WHAT TO WORK ON:
Among the entries that follow, the required portion opens with the line containing "12月27日,机械工程学院第" and closes with the line containing "tiras para anudar.". Give that portion again exactly, and nothing else.

ENTRIES SHOWN:
____

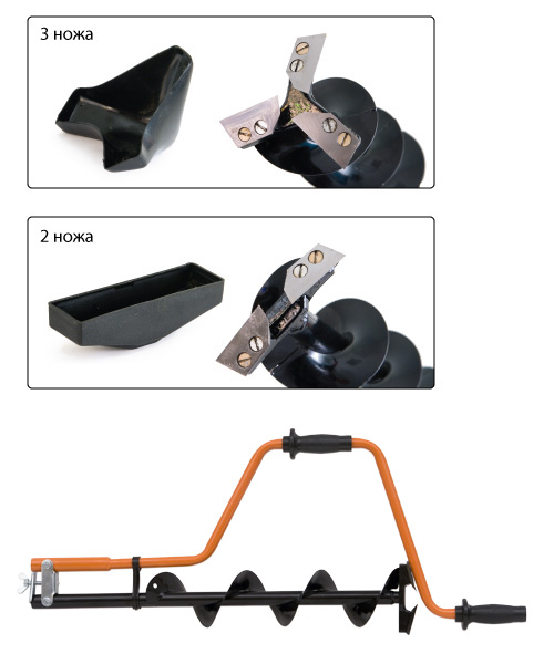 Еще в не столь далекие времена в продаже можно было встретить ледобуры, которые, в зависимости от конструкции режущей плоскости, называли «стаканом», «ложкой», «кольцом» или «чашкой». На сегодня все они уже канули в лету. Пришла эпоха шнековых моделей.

____

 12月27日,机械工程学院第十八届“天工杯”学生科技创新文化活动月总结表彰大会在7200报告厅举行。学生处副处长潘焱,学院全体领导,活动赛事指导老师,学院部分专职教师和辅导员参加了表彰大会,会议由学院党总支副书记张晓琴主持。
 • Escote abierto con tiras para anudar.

____

TASK OUTPUT:
 12月27日,机械工程学院第十八届“天工杯”学生科技创新文化活动月总结表彰大会在7200报告厅举行。学生处副处长潘焱,学院全体领导,活动赛事指导老师,学院部分专职教师和辅导员参加了表彰大会,会议由学院党总支副书记张晓琴主持。
 • Escote abierto con tiras para anudar.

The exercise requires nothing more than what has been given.